* Task item
All pictures are to be excluded when the data below is output verbatim.

* Collected material
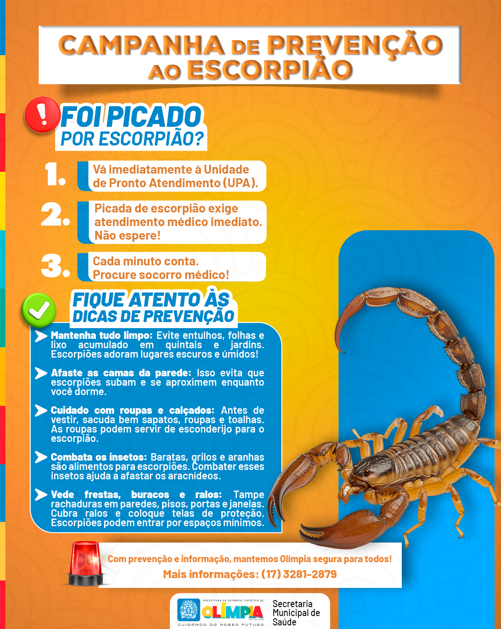 Com o objetivo de alertar a população sobre os riscos de acidentes com escorpiões, o Governo do Estado de São Paulo realiza, entre os dias 25 e 29 de agosto, a Semana de Conscientização e Prevenção de Acidentes Escorpiônicos. Inspirada pela iniciativa estadual, a Prefeitura da Estância Turística de Olímpia, por meio da Secretaria de Saúde e da Divisão de Vigilância em Saúde, promoverá uma ação especial de orientação na Praça da Matriz, neste sábado, dia 30 de agosto, das 8h30 às 12h30.
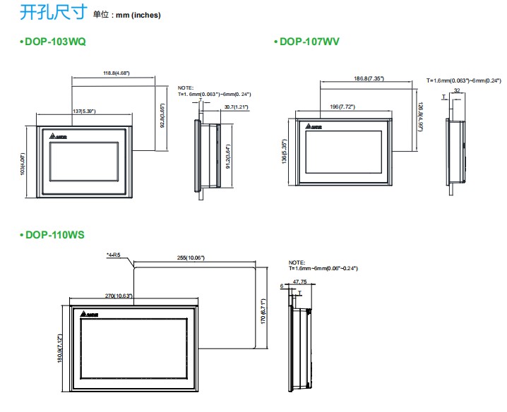 HMI DOP-B05S111 5.6" 4:3屏幕/分辨率320x234/8M Flash, COM1:RS232, COM2:RS-232/485, COM3:RS-422/485, 开孔尺寸:172.4 x 132.4
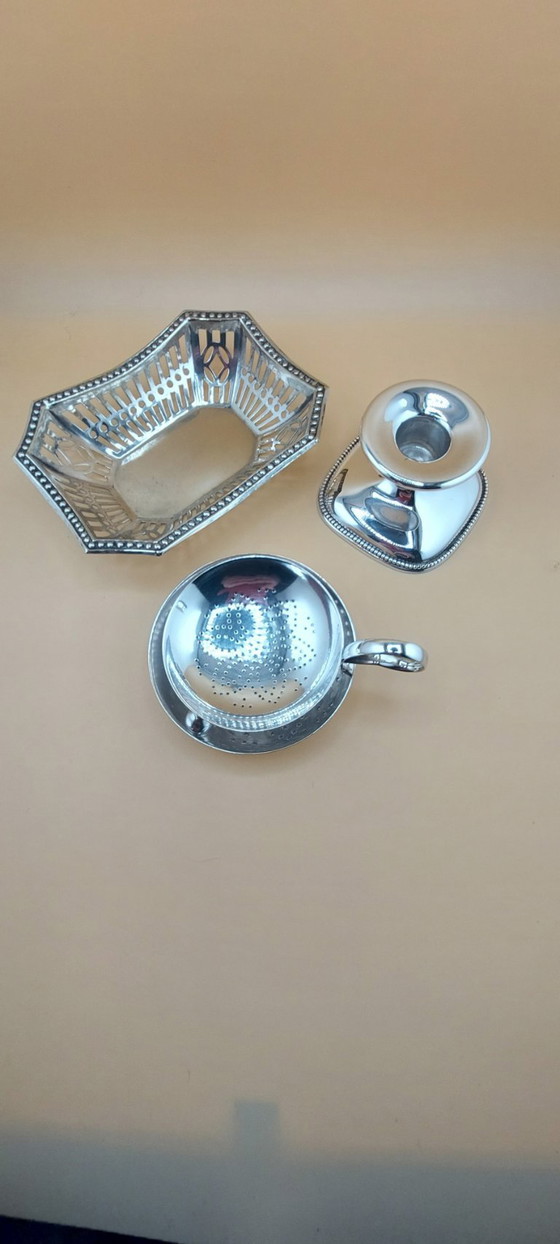 Discover this refined set of silver-plated accessories, consisting of an elegant candlestick, a graceful small dish, and a functional tea strainer. These timeless pieces add a touch of classic charm to any interior and are perfect for both everyday use and special occasions. The glossy finish and detailed design make this set a valuable addition to your collection.

* Output below
 Com o objetivo de alertar a população sobre os riscos de acidentes com escorpiões, o Governo do Estado de São Paulo realiza, entre os dias 25 e 29 de agosto, a Semana de Conscientização e Prevenção de Acidentes Escorpiônicos. Inspirada pela iniciativa estadual, a Prefeitura da Estância Turística de Olímpia, por meio da Secretaria de Saúde e da Divisão de Vigilância em Saúde, promoverá uma ação especial de orientação na Praça da Matriz, neste sábado, dia 30 de agosto, das 8h30 às 12h30.
 HMI DOP-B05S111 5.6" 4:3屏幕/分辨率320x234/8M Flash, COM1:RS232, COM2:RS-232/485, COM3:RS-422/485, 开孔尺寸:172.4 x 132.4
 Discover this refined set of silver-plated accessories, consisting of an elegant candlestick, a graceful small dish, and a functional tea strainer. These timeless pieces add a touch of classic charm to any interior and are perfect for both everyday use and special occasions. The glossy finish and detailed design make this set a valuable addition to your collection.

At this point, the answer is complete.